Wednesday, February 29, 2012

Do You Hear What I Hear?

Guitar players are notorious for hearing with their eyes... a cool looking guitar always sounds better.  For electric guitar players, they see some guitars or amps and hear them as "BIG!"  Of course the epitome of this effect took place when a band's stage set up included a wall of huge speaker cabinets... except they were all empty and just for show.  For acoustic players, lighter colored woods like maple for the backs and sides are heard as being thin and bright while darker colored woods like most rosewoods are heard as richer and deeper.  That is why you see very few high end acoustic guitars with backs and sides of light colored woods and some companies traditionally dye medium colored woods like mahogany to make them darker (CF Martin is an example).  For both groups of players, the shapes of the guitar also impacts what we hear.  Now there clearly are differences between different kinds of woods and different shapes of instruments... but they are not always consistent with the assumptions.

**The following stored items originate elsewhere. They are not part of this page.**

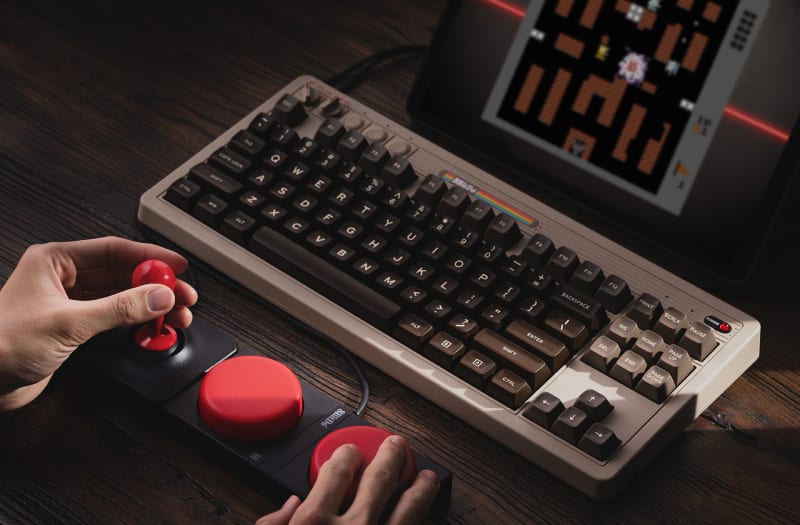 8BitDo has released a new mechanical keyboard that pays homage to the Commodore 64. The keyboard features brown-coloured keys shaped like the original and includes two giant red buttons and a joystick. It can be customized and programmed using the 8BitDo Ultimate Software V2, but this software is not available on Linux. The
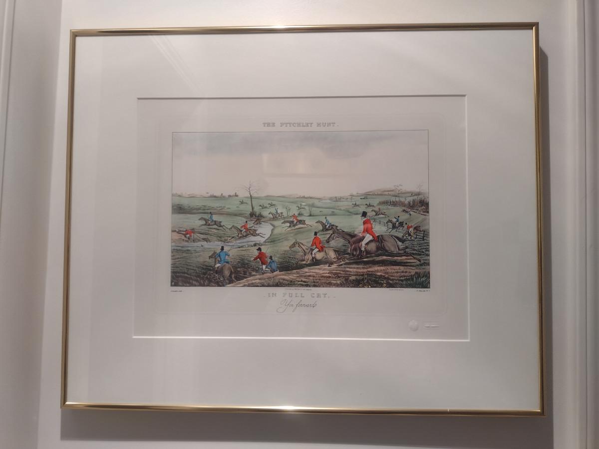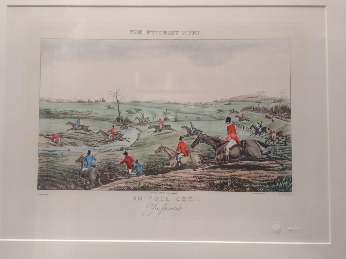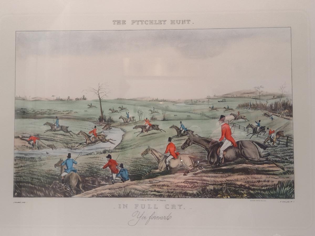 'In Full Cry- Yoi Forward' The Pytchley Hunt- Equestrian Fox Hunt Print Framed Behind Glass
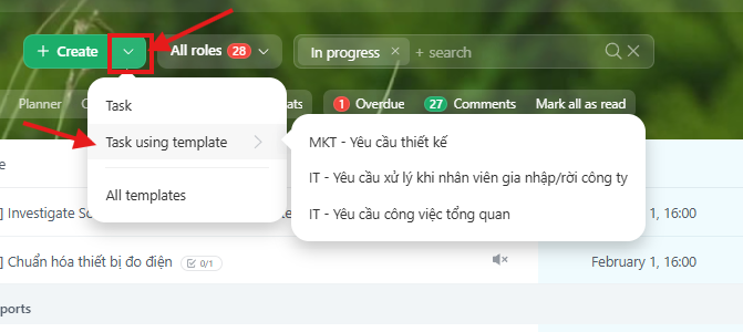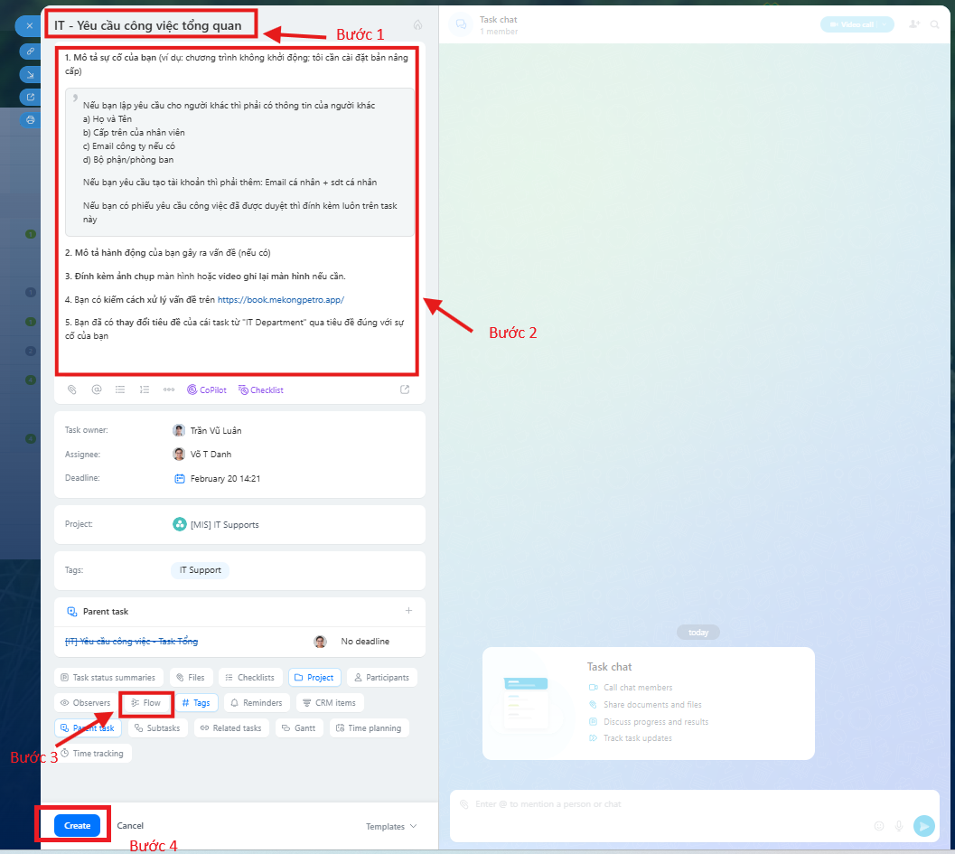 Bước 2: Tích chọn Create "để tạo 1 cái task công việc ".

It turns out there is a scientific background for this called the McGurk Effect.  Watch this fascinating video...



Cool huh?  I think that roughly the same thing is going on for the guitar players.  Now, here's the question... does this work in theology?  Politics?  other social settings?  And does it extend beyond just sight and hearing playing against each other?  I think so.  When I was doing my doctorate, we had a couple of faculty with southern accents.  One of them joked that the right kind of southern accent always increased respect.  The wrong kind, got you written off immediately.  How many times I've heard a newscaster here in sunny Cali with Valley Girl inflections and written her off as a ditz...  And it goes further still, when certain vocabulary is used I place the speaker in categories that impact what I hear.  Start talking to me about seeing angels or getting people saved or the Cosmic All and I easily slide you into a slot defined by preconceptions which color what I hear and do not hear. 

The good news is that I can be aware of it and work to really listen to whatever it is you're saying, trying to understand your language without my baggage getting in the way.  The bad news is that like the McGurk Effect, I may not always be successful.  I'm trying though.